■ **EXERCISE DETAILS**: Using the data below, print exactly the line with "Carrito metálico de", the line with "我 is the character", and every line between them, but none of the pictures.

[THE DATA Boundary: Start]

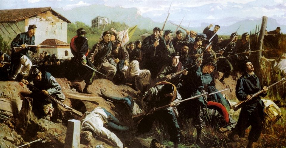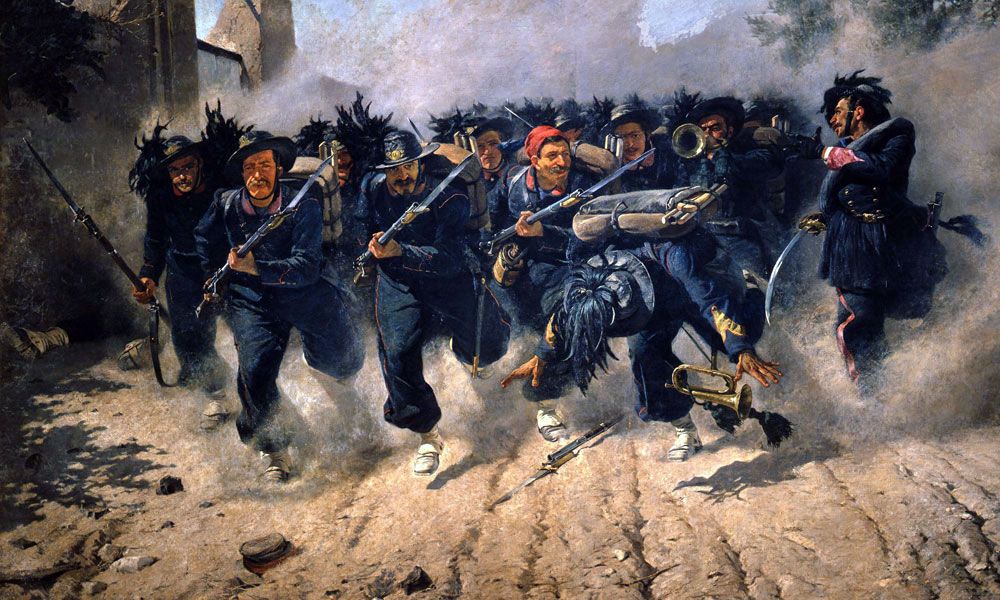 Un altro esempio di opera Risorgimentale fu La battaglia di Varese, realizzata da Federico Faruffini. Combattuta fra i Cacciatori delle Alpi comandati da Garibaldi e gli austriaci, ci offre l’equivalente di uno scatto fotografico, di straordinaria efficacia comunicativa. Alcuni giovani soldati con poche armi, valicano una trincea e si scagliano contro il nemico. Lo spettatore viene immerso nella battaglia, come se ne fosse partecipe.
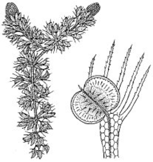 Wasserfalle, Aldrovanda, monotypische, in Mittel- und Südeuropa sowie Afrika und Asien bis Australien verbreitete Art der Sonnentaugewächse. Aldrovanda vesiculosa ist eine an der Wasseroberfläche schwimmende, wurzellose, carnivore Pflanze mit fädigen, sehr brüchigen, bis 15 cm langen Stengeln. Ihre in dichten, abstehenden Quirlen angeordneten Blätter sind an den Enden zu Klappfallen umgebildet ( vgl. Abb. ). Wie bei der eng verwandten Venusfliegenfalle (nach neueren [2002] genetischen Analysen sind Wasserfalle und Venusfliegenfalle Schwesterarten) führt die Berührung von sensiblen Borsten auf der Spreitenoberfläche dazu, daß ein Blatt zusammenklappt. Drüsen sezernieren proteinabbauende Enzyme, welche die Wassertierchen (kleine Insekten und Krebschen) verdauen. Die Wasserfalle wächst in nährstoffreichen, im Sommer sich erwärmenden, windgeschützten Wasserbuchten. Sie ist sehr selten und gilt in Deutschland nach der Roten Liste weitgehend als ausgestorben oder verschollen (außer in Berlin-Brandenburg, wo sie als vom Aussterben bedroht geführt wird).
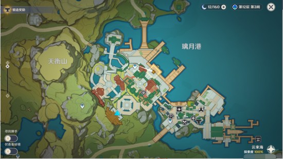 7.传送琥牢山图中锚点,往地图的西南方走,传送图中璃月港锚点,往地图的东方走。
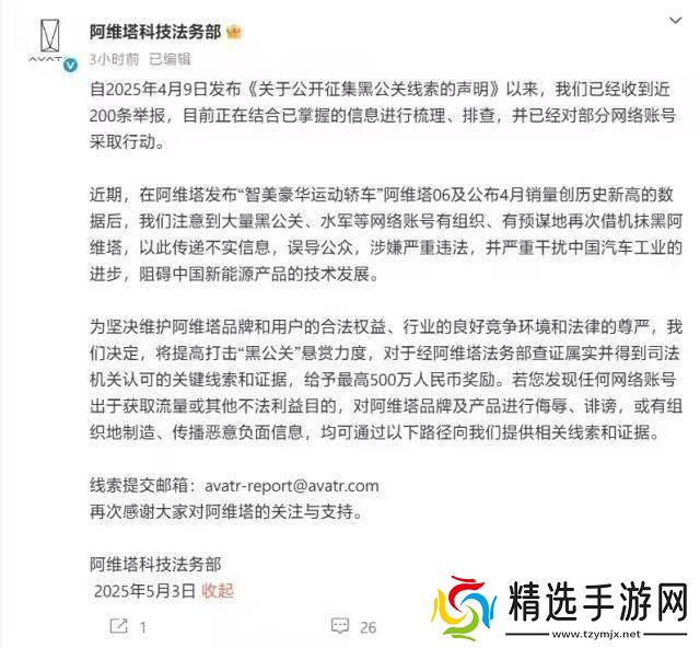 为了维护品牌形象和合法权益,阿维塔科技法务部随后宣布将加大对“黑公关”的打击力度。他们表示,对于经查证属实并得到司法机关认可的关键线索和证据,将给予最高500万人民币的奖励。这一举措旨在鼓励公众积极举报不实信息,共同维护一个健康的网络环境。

[THE DATA Boundary: End]
[THE DATA Boundary: Start]

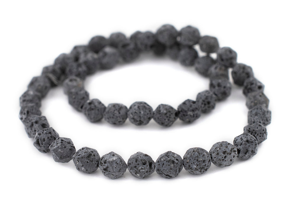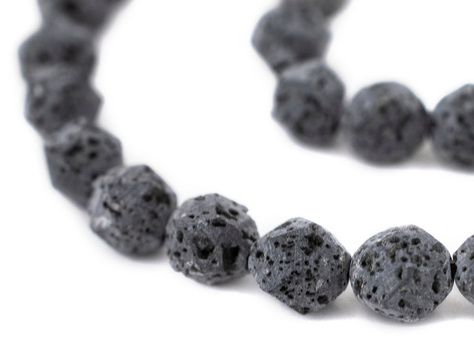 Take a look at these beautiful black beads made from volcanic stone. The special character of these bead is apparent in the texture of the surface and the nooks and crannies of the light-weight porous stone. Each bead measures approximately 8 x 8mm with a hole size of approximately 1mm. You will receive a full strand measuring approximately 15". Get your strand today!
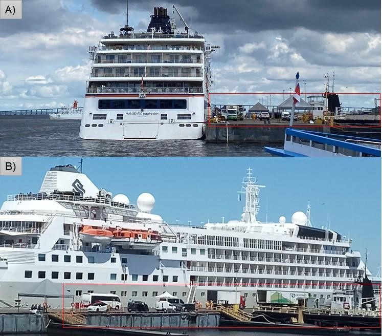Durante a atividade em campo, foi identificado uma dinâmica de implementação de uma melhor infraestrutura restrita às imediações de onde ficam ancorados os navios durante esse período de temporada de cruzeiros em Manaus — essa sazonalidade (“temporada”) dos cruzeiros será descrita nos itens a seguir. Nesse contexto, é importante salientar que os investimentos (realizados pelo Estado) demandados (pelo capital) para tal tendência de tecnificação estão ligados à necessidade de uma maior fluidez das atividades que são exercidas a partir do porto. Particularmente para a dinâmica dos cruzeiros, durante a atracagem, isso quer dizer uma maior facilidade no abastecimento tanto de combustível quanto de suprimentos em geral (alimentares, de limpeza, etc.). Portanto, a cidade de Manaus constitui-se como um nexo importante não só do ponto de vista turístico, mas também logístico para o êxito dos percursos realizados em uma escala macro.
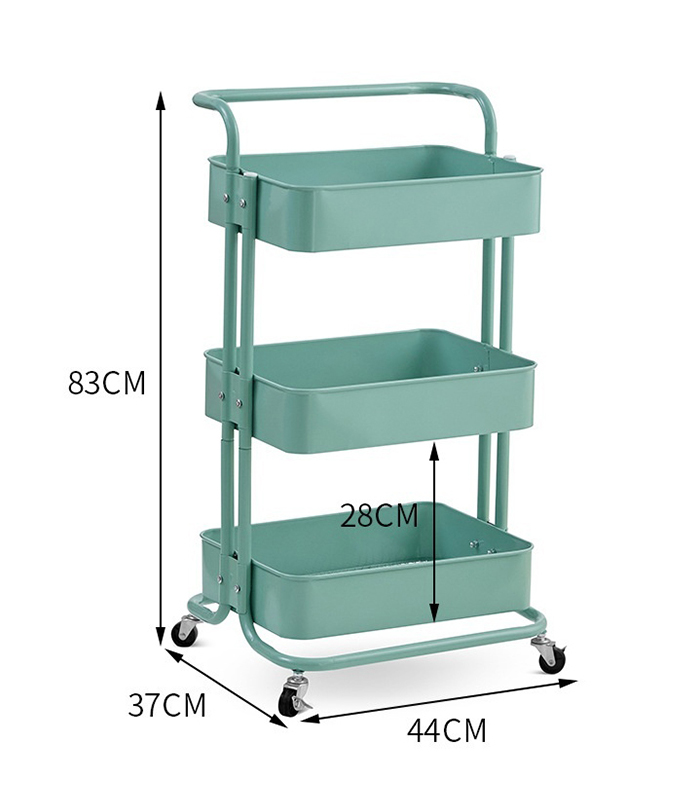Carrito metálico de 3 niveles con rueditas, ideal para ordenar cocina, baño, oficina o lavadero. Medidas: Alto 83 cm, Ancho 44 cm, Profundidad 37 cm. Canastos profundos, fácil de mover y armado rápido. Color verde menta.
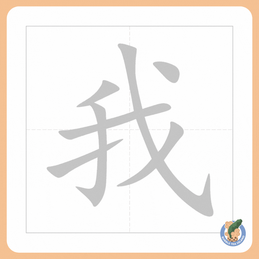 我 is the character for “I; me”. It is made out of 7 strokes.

[THE DATA Boundary: End]

■ **EXPECTED ANSWER**:
Carrito metálico de 3 niveles con rueditas, ideal para ordenar cocina, baño, oficina o lavadero. Medidas: Alto 83 cm, Ancho 44 cm, Profundidad 37 cm. Canastos profundos, fácil de mover y armado rápido. Color verde menta.
 我 is the character for “I; me”. It is made out of 7 strokes.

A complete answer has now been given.